Data provided:
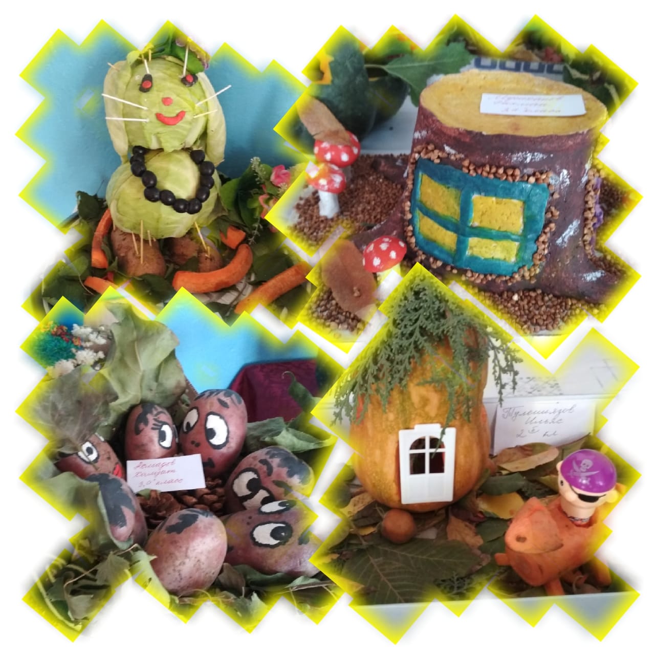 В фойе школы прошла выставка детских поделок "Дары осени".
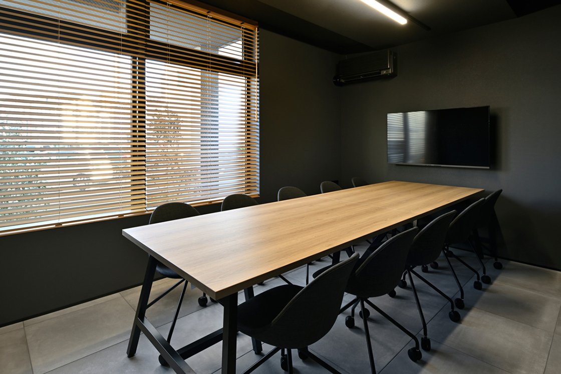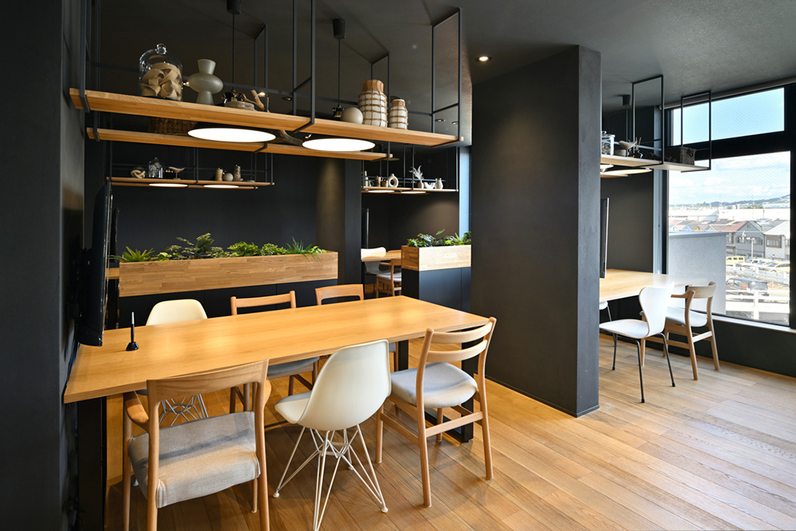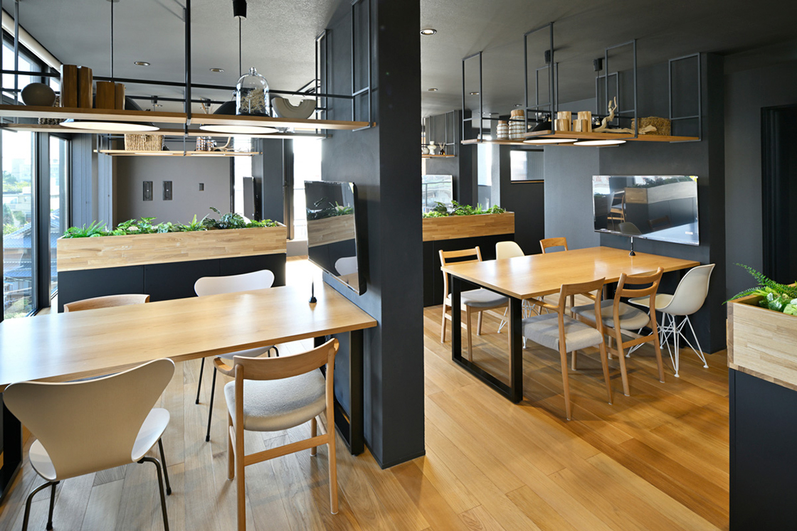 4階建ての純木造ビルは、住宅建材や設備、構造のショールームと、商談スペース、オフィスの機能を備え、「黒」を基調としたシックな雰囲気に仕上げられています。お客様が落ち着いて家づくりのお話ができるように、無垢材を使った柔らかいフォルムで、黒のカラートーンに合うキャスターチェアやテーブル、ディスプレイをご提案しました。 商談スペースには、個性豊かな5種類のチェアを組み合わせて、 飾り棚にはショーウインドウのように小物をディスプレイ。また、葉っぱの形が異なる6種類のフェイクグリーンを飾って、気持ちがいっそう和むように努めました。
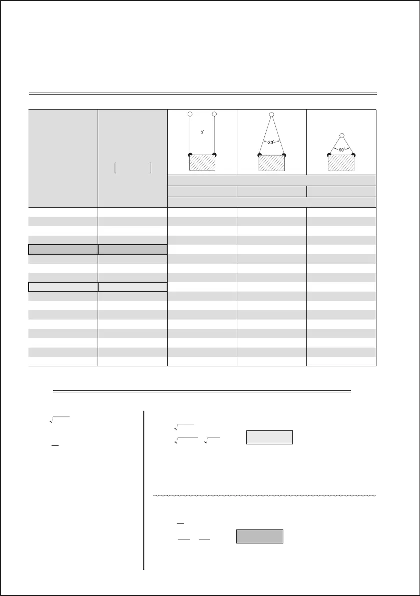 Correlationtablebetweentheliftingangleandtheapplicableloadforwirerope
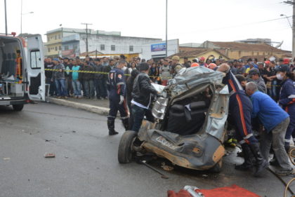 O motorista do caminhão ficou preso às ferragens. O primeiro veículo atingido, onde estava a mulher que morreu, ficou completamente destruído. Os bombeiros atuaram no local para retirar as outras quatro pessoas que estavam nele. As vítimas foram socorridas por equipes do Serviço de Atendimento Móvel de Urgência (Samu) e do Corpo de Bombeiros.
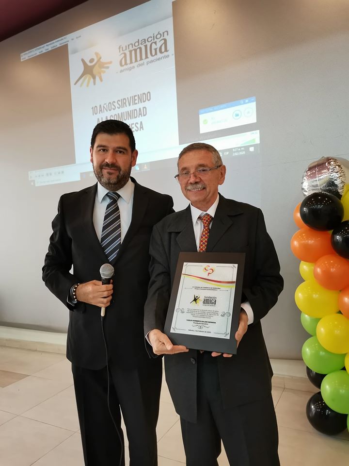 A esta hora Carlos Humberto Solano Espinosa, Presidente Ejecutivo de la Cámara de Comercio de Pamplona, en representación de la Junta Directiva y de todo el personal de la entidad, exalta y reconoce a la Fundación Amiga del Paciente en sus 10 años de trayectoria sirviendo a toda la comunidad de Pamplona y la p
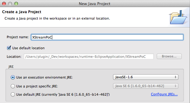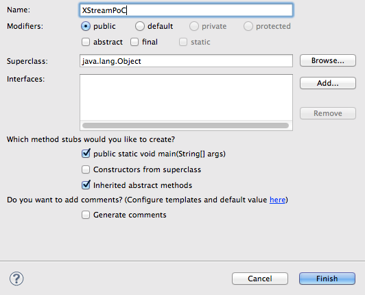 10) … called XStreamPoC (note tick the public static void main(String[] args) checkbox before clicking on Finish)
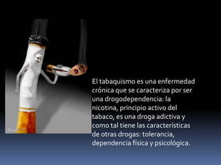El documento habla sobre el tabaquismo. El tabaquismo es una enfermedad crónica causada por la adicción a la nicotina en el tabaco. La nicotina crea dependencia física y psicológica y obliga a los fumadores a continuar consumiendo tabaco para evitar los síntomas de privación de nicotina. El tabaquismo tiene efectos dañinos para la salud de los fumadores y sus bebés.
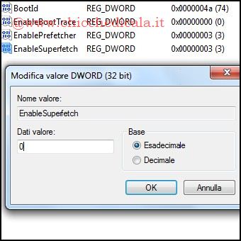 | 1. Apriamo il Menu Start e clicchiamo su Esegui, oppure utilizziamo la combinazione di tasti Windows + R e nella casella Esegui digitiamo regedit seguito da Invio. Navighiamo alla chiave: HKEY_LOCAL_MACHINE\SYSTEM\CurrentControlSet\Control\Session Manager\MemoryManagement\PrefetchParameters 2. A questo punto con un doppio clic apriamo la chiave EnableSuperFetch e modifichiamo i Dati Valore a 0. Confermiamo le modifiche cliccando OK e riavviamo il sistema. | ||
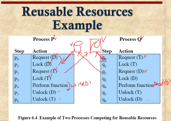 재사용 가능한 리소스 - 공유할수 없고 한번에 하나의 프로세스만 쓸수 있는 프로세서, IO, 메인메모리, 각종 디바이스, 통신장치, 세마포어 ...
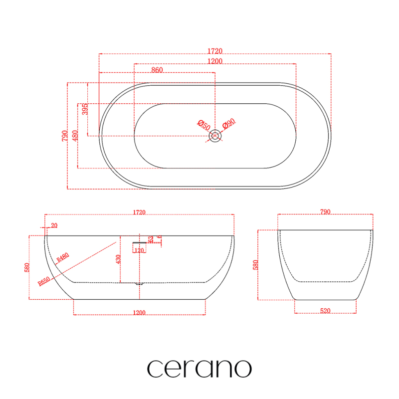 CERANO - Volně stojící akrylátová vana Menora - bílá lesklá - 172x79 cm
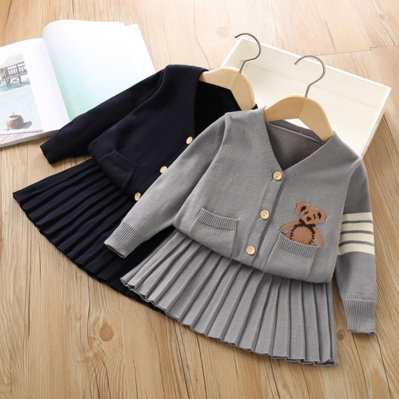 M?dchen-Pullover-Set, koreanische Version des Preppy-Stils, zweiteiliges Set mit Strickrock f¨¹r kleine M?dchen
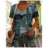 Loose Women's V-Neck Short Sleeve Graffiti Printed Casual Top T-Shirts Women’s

* * *

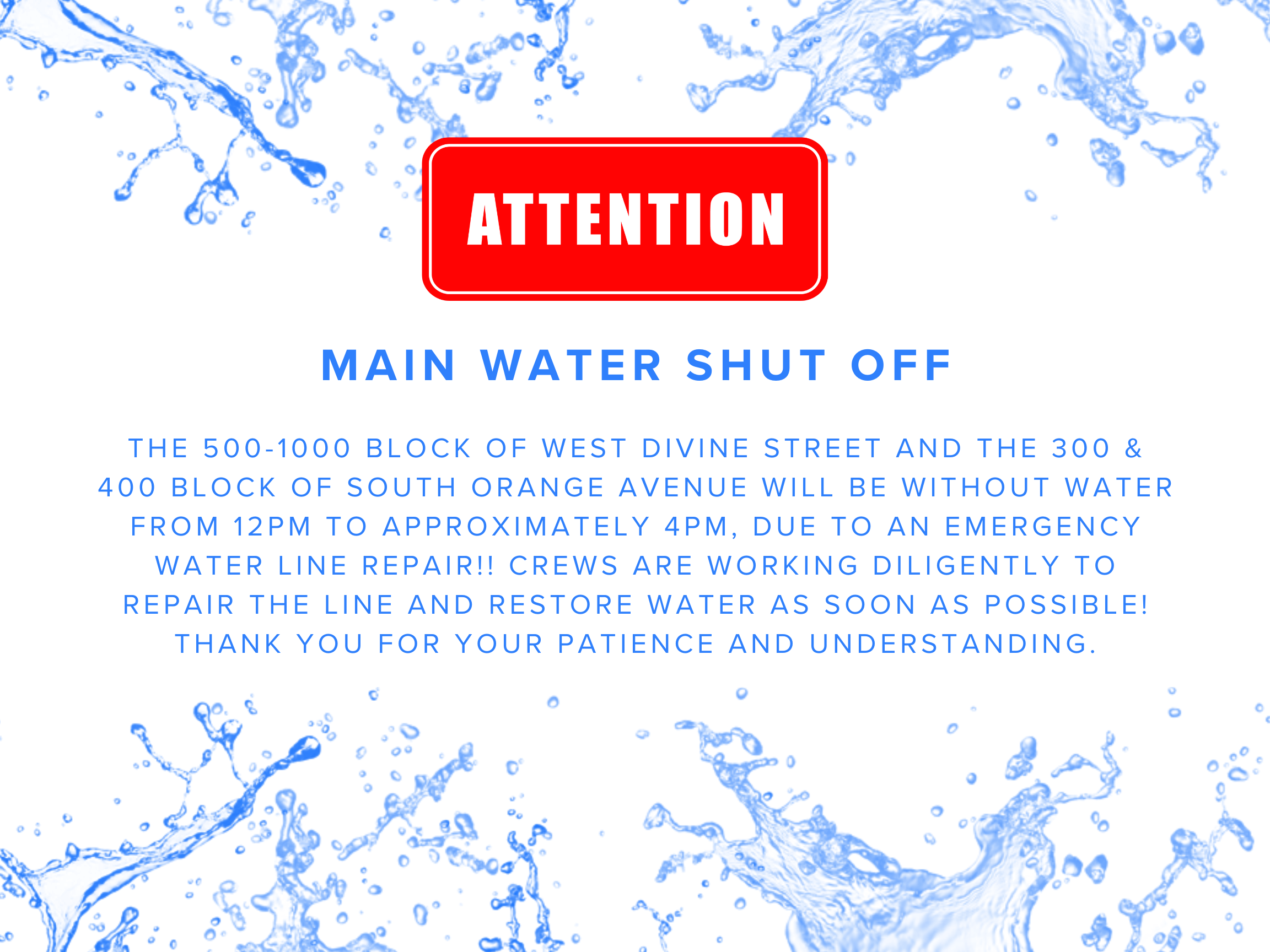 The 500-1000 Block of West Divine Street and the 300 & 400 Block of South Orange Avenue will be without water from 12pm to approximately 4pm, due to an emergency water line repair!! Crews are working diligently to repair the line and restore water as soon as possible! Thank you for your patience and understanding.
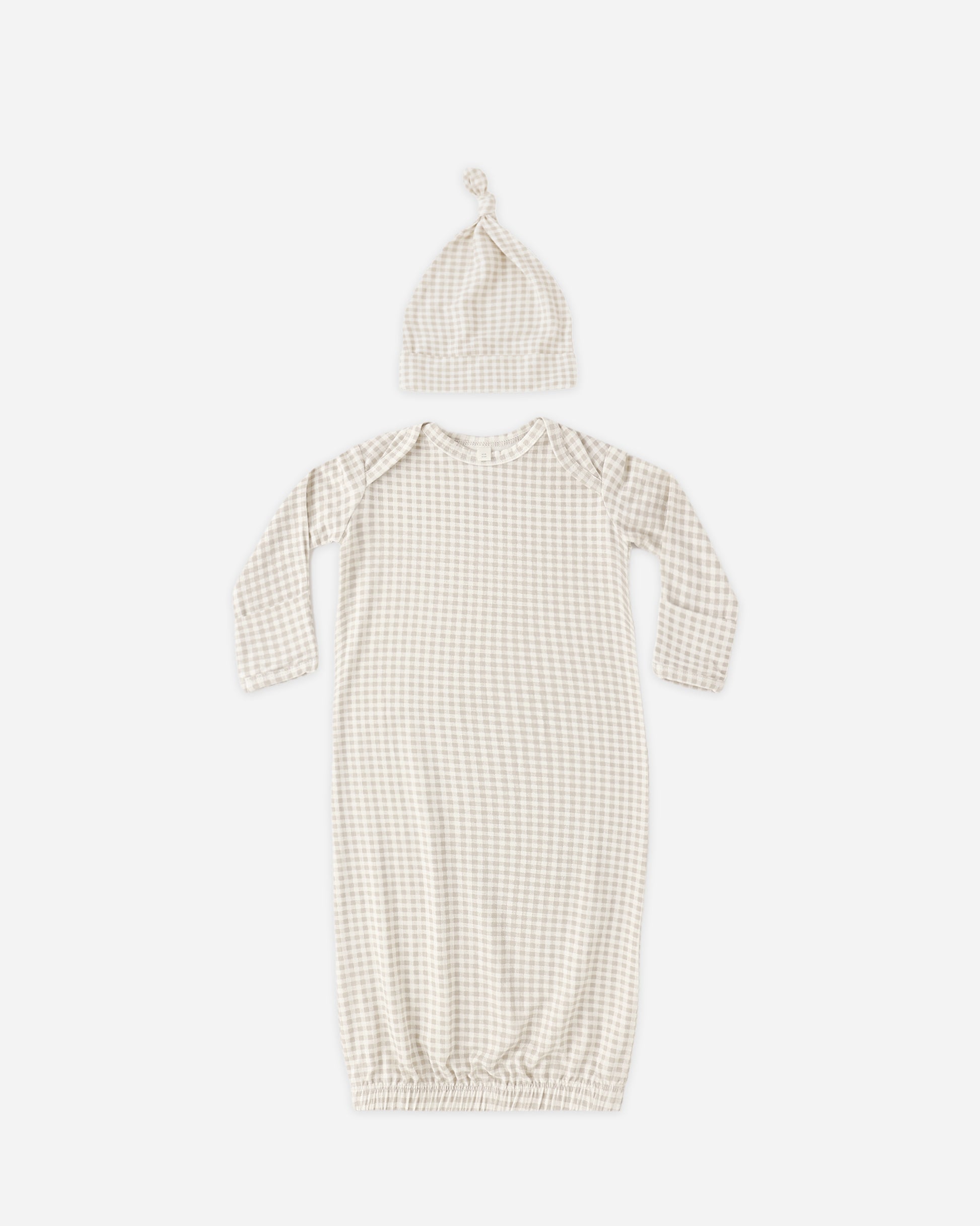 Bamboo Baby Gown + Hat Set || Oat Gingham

Problem requirements: Copy word for word only the lines above from the one with "В фойе школы" through the one with "El documento habla". Leave pictures out.

Written answer:
 В фойе школы прошла выставка детских поделок "Дары осени".
 4階建ての純木造ビルは、住宅建材や設備、構造のショールームと、商談スペース、オフィスの機能を備え、「黒」を基調としたシックな雰囲気に仕上げられています。お客様が落ち着いて家づくりのお話ができるように、無垢材を使った柔らかいフォルムで、黒のカラートーンに合うキャスターチェアやテーブル、ディスプレイをご提案しました。 商談スペースには、個性豊かな5種類のチェアを組み合わせて、 飾り棚にはショーウインドウのように小物をディスプレイ。また、葉っぱの形が異なる6種類のフェイクグリーンを飾って、気持ちがいっそう和むように努めました。
 Correlationtablebetweentheliftingangleandtheapplicableloadforwirerope
 O motorista do caminhão ficou preso às ferragens. O primeiro veículo atingido, onde estava a mulher que morreu, ficou completamente destruído. Os bombeiros atuaram no local para retirar as outras quatro pessoas que estavam nele. As vítimas foram socorridas por equipes do Serviço de Atendimento Móvel de Urgência (Samu) e do Corpo de Bombeiros.
 A esta hora Carlos Humberto Solano Espinosa, Presidente Ejecutivo de la Cámara de Comercio de Pamplona, en representación de la Junta Directiva y de todo el personal de la entidad, exalta y reconoce a la Fundación Amiga del Paciente en sus 10 años de trayectoria sirviendo a toda la comunidad de Pamplona y la p
 10) … called XStreamPoC (note tick the public static void main(String[] args) checkbox before clicking on Finish)
El documento habla sobre el tabaquismo. El tabaquismo es una enfermedad crónica causada por la adicción a la nicotina en el tabaco. La nicotina crea dependencia física y psicológica y obliga a los fumadores a continuar consumiendo tabaco para evitar los síntomas de privación de nicotina. El tabaquismo tiene efectos dañinos para la salud de los fumadores y sus bebés.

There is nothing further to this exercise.